#### Your instructions
Go through the data below and transcribe it exactly. Omit the images.

#### Dataset excerpt
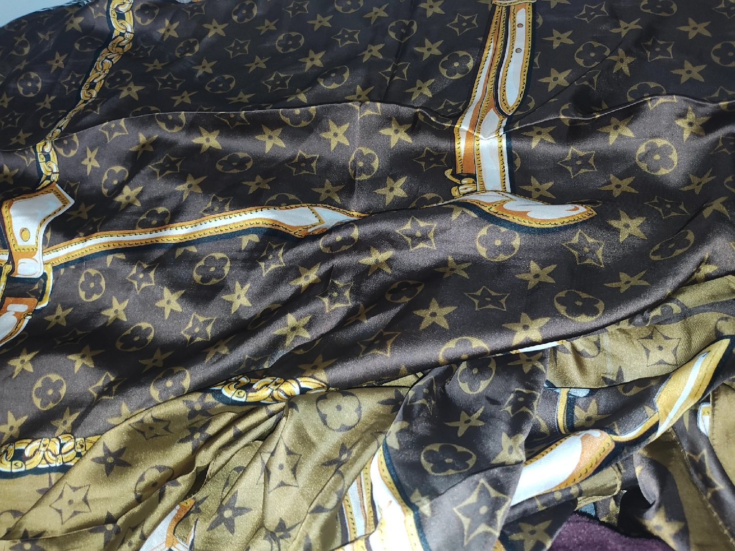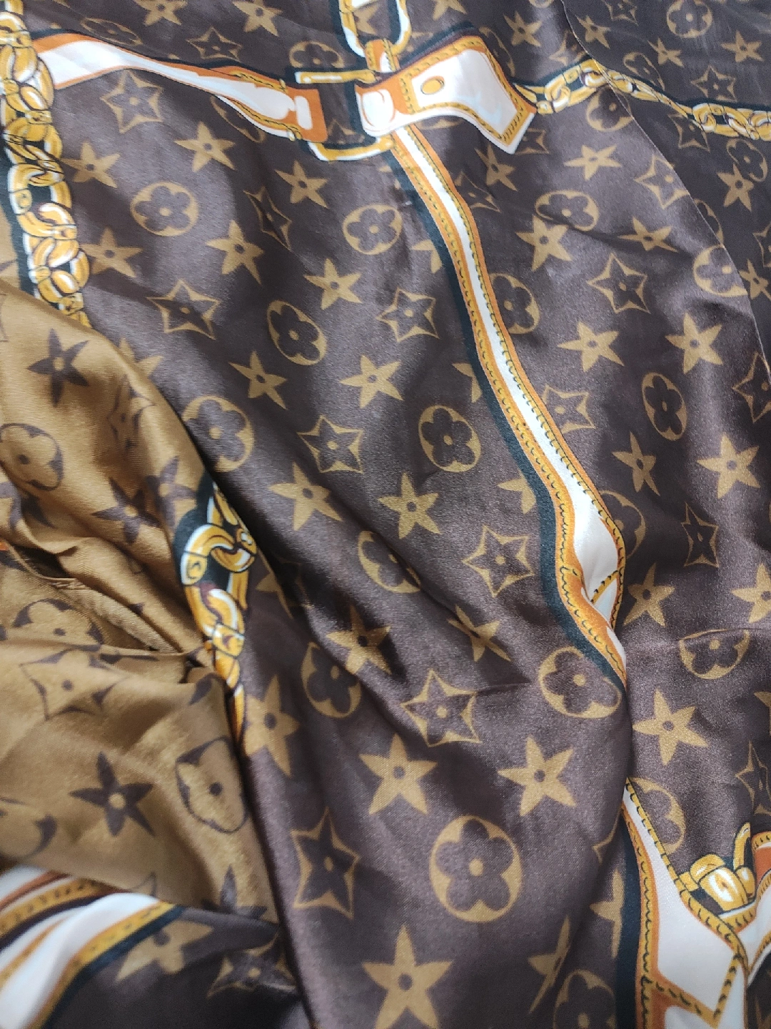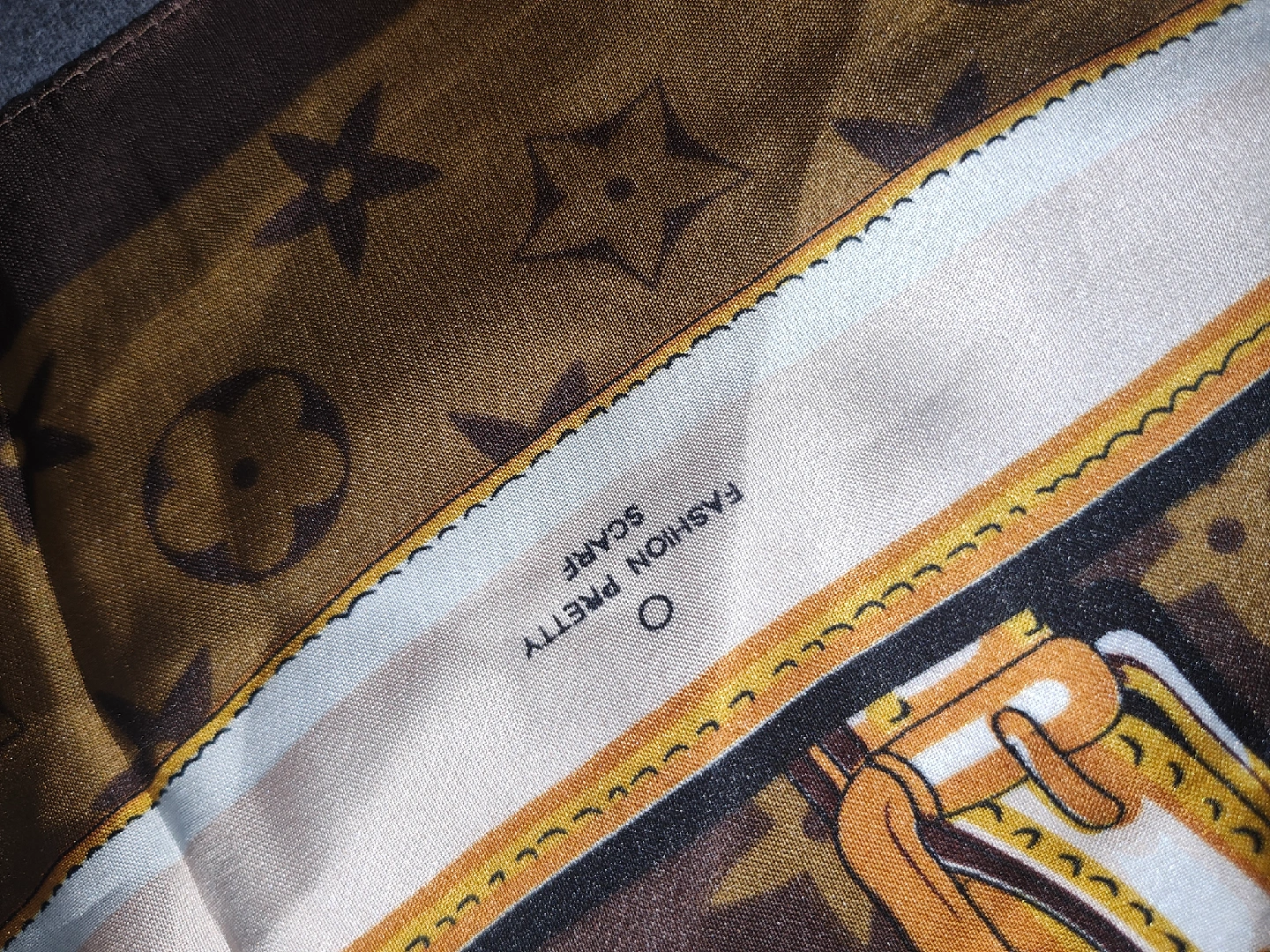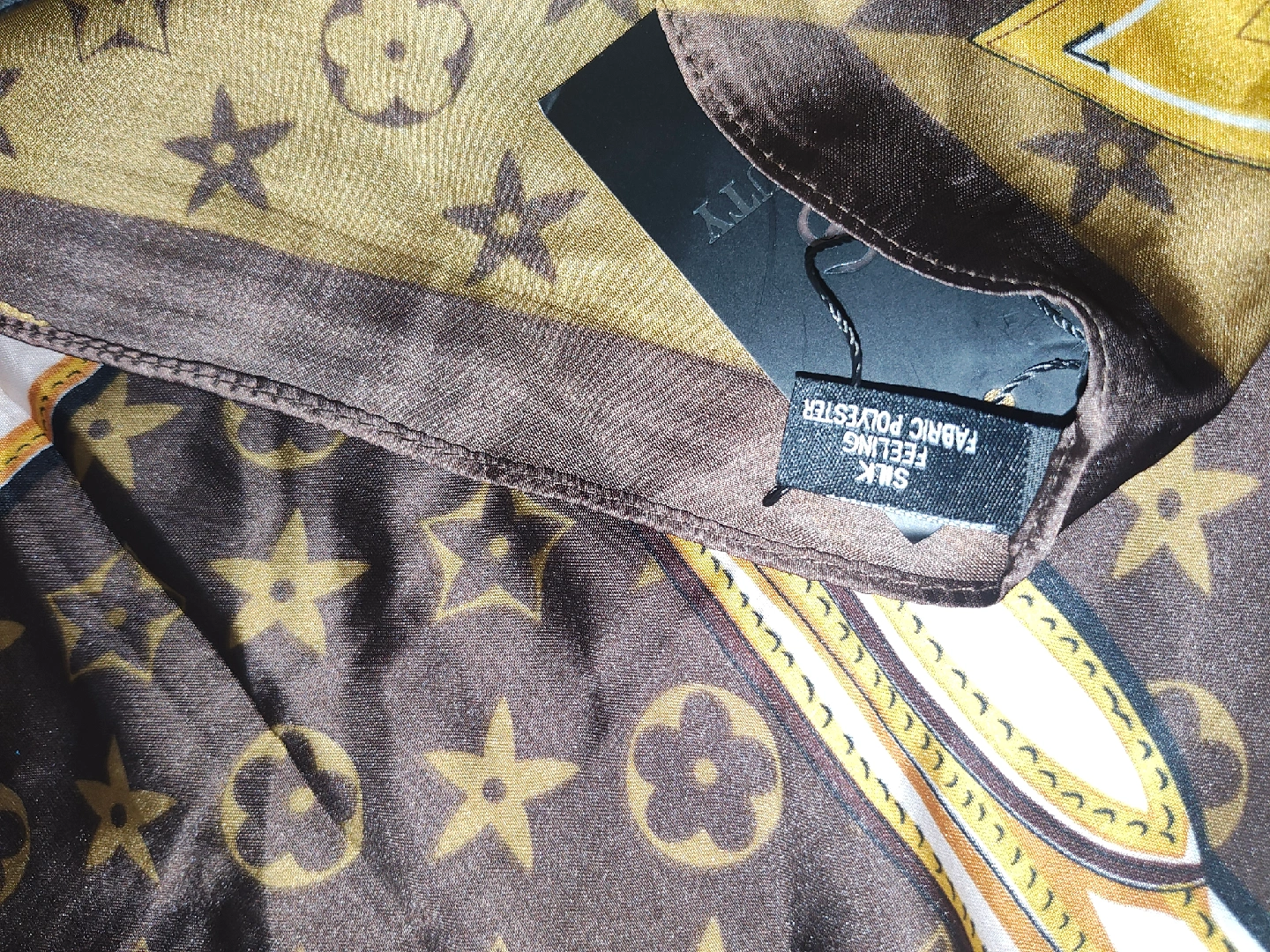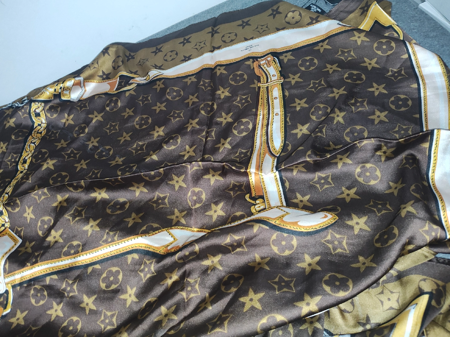 Here's a beautiful scarf with a silk feeling fabric made of polyester! It features the classic Louis Vuitton pattern in brown and gold tones. It's in great condition and ready to add a touch of luxury to your wardrobe
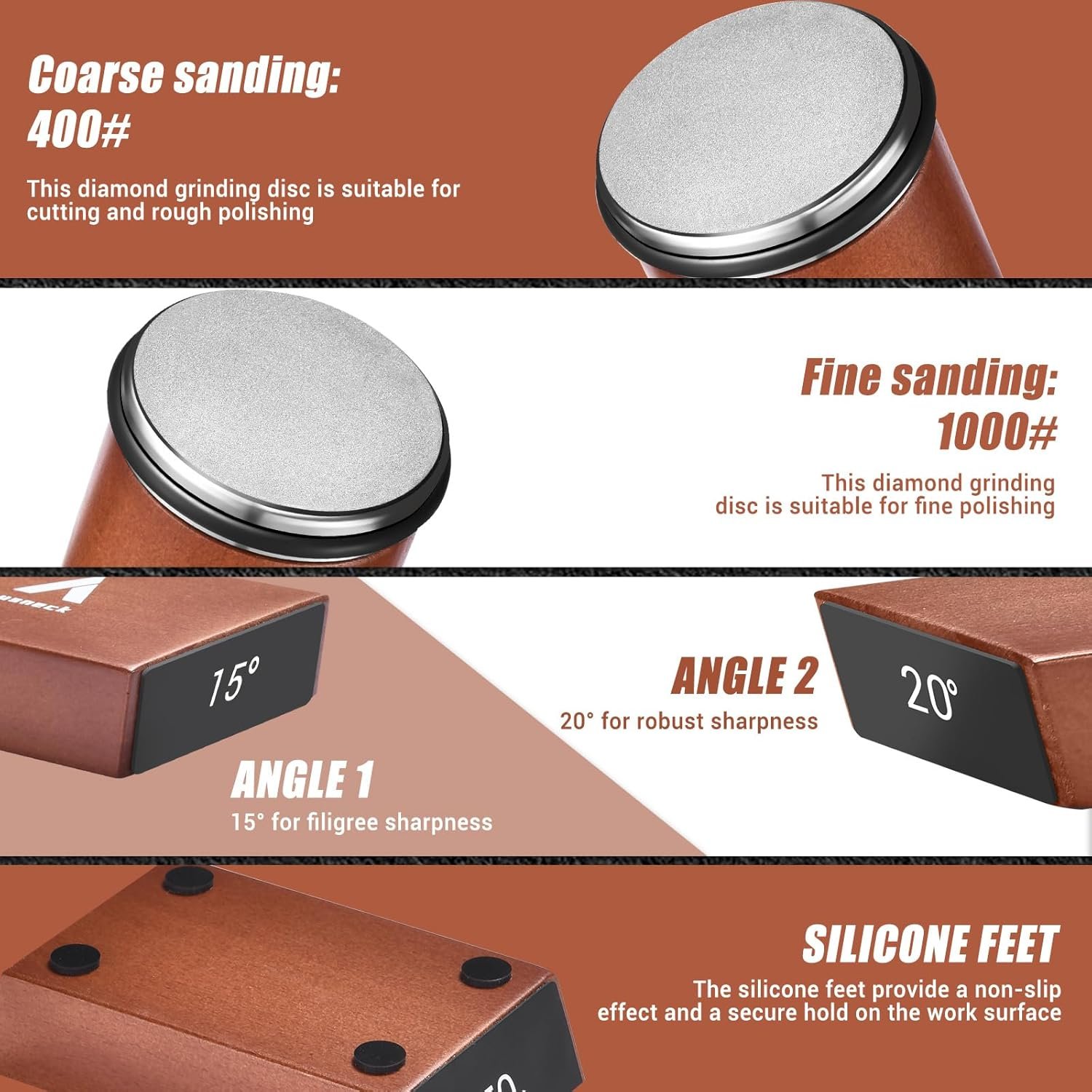 【15° and 20° Sharping Angles】: The Rolling Knife Sharpener base has two grinding angles, 20 degrees suitable for most household kitchen knives, and 15 degrees suitable for higher sharpness requirements
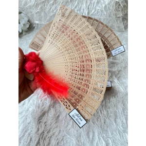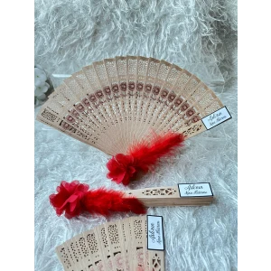 3'lü Kına Gecesi Hatıra Yelpazesi – Kırmızı Tüylü & Kişiye Özel Etiketli | 20 cm

#### Your response
 Here's a beautiful scarf with a silk feeling fabric made of polyester! It features the classic Louis Vuitton pattern in brown and gold tones. It's in great condition and ready to add a touch of luxury to your wardrobe
 【15° and 20° Sharping Angles】: The Rolling Knife Sharpener base has two grinding angles, 20 degrees suitable for most household kitchen knives, and 15 degrees suitable for higher sharpness requirements
 3'lü Kına Gecesi Hatıra Yelpazesi – Kırmızı Tüylü & Kişiye Özel Etiketli | 20 cm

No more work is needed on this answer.